Journal of Feline Medicine and Surgery
- Discipline: Veterinary medicine
- Language: English
- Edited by: A. H. Sparkes, M. Scherk

Publication details
- History: 1999-present
- Publisher: SAGE Publications
- Frequency: Monthly
- Impact factor: 1.681 (2010)

Standard abbreviations
- ISO 4: J. Feline Med.
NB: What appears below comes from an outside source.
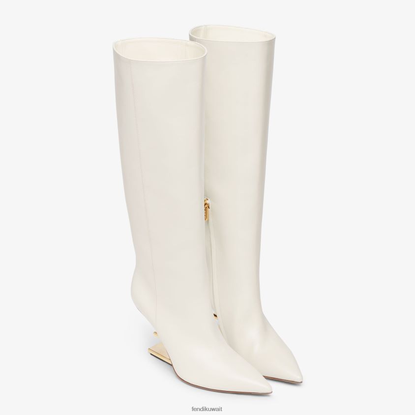 حذاء فندي الأول بمقدمة مدببة وسحاب جانبي من الداخل مع سحاب فندي أولوك. مصنوع من الجلد الأبيض. كعب منحوت على شكل حرف F من المعدن الذهبي اللون.

Surg.

Indexing
- ISSN: 1098-612X (print) 1532-2750 (web)
- OCLC no.: 38826277

Links
- Journal homepage; Online access; Online archive;

= Journal of Feline Medicine and Surgery =

Journal of Feline Medicine and Surgery is a peer-reviewed medical journal that covers the field of veterinary medicine as applied to domestic cats. The editors-in-chief are A. H. Sparkes and M. Scherk, both of the International Society of Feline Medicine. The journal is published by SAGE Publications on behalf of the International Society of Feline Medicine and the American Association of Feline Practitioners.

== Scope ==
Journal of Feline Medicine and Surgery is published in two monthly formats. The "classic" editions publish original research papers on aspects of feline medicine and surgery, while the "clinical practice" editions publish commissioned review articles of relevance to feline clinical work, along with other relevant clinical articles such as case reports.

== Abstracting and indexing ==
Journal of Feline Medicine is abstracted and indexed in Scopus, MEDLINE, and the Science Citation Index. According to the Journal Citation Reports, its 2010 impact factor is 1.681.